In vitro embryo culture to shorten the breeding cycle in lentil (Lens culinaris Medik)

Breeding in lentil involves hybridization followed by different selection methods and requires 10 years to obtain a cultivar, as only one field generation per year can be produced. To shorten the breeding time it is essential to use biotechnological methods such as in vitro embryo culture combined with SSD method since only one seed is enough to produce the next generation. An efficient in vitro-in vivo system was developed. The best time to extract immature embryos and the best culture medium to obtain their complete development were analyzed.

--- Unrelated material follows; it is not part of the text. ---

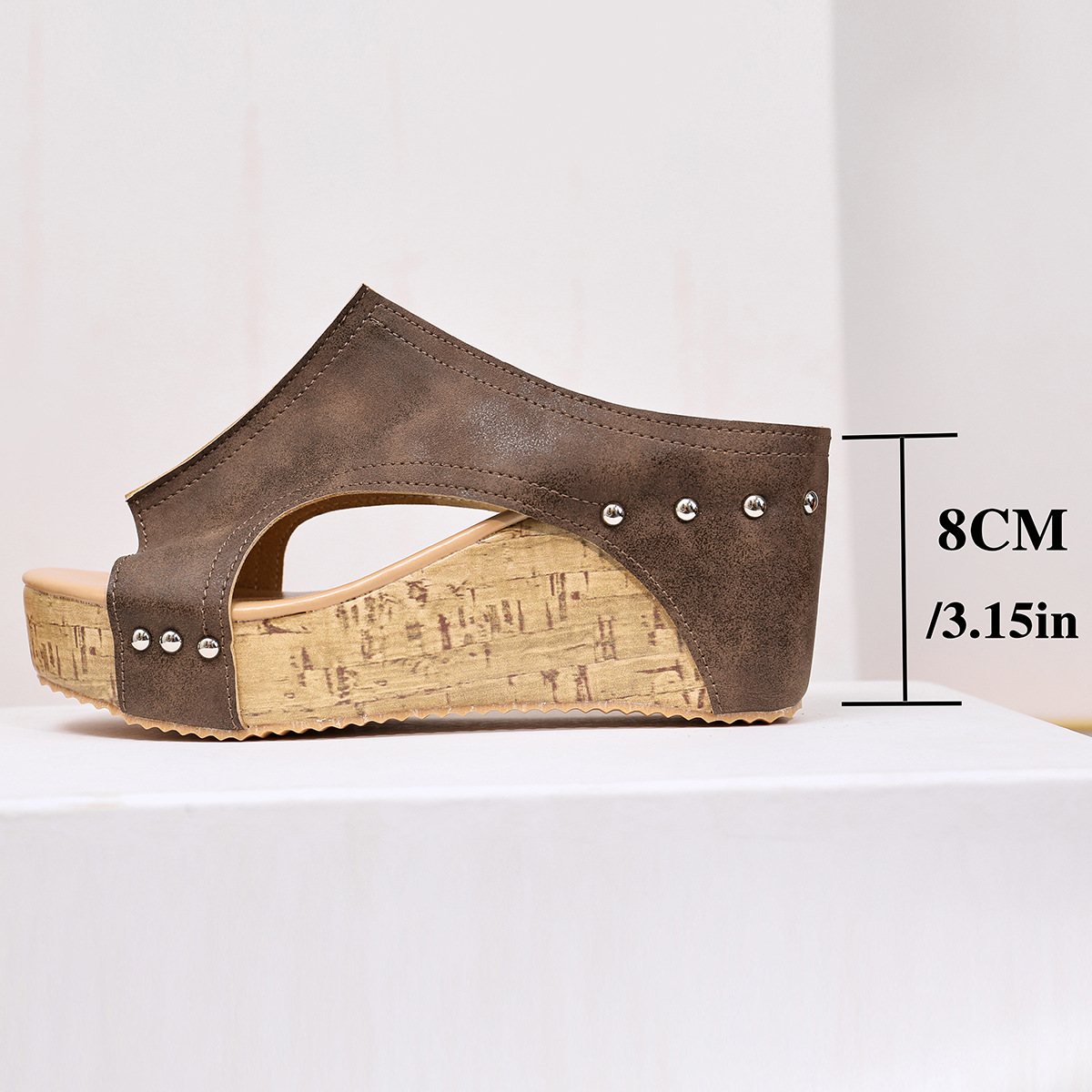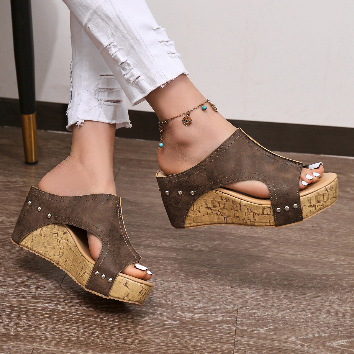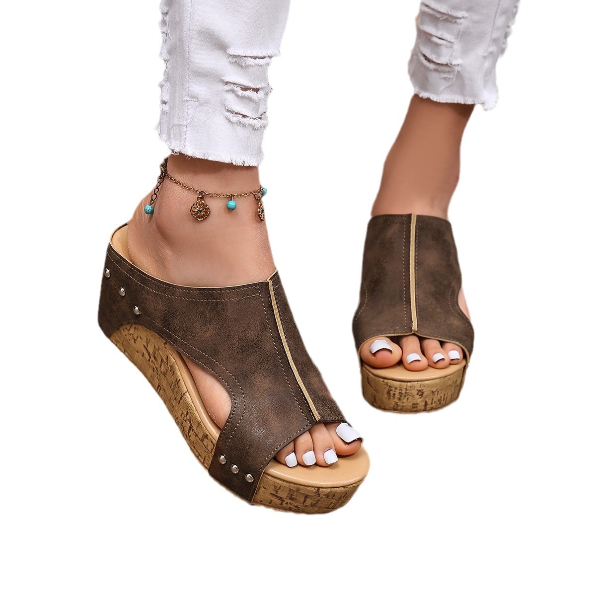 Большой размер тапки на каблуке женский 2024 трансграничная внешняя торговля новый европейский и американский женский рыбий рот с толстым дном заклепки сандалии оптом

Embryos of Pardina, B1181 (microsperma type), B1051 and A1145 (macrosperma type) were collected at 15, 18, 21, and 24 days after pollination (DAP) and cultured on MS medium with five different concentrations of 6-benzylaminopurine (BAP) (0-0.025-0.05-0.1-0.25 mg L-1). An ANOVA test among genotypes, media, DAP and their interactions was performed. Genotypes, DAP and its interaction showed significant effects on the percentage of shoot production (F = 61.8; F = 79.3; F = 8.5; p < 0.01) and germination (F = 70.7; F = 69.8; F = 3.9; p < 0.01). Medium effect was only significant for germination (F = 8.7; p < 0.01). The microsperma genotypes gave higher percentages of shoot production (> 80 %) and germination (> 70 %). Although in vitro culture efficiency increased with DAP, 18 DAP was selected due to its high percentages of germination (13-70 %). The medium without BAP was the most suitable for embryo complete development (41-87 %). All plants obtained were morphologically normal and fertile. Using this approach, four generations per year were obtained allowing a rapid development of RILs.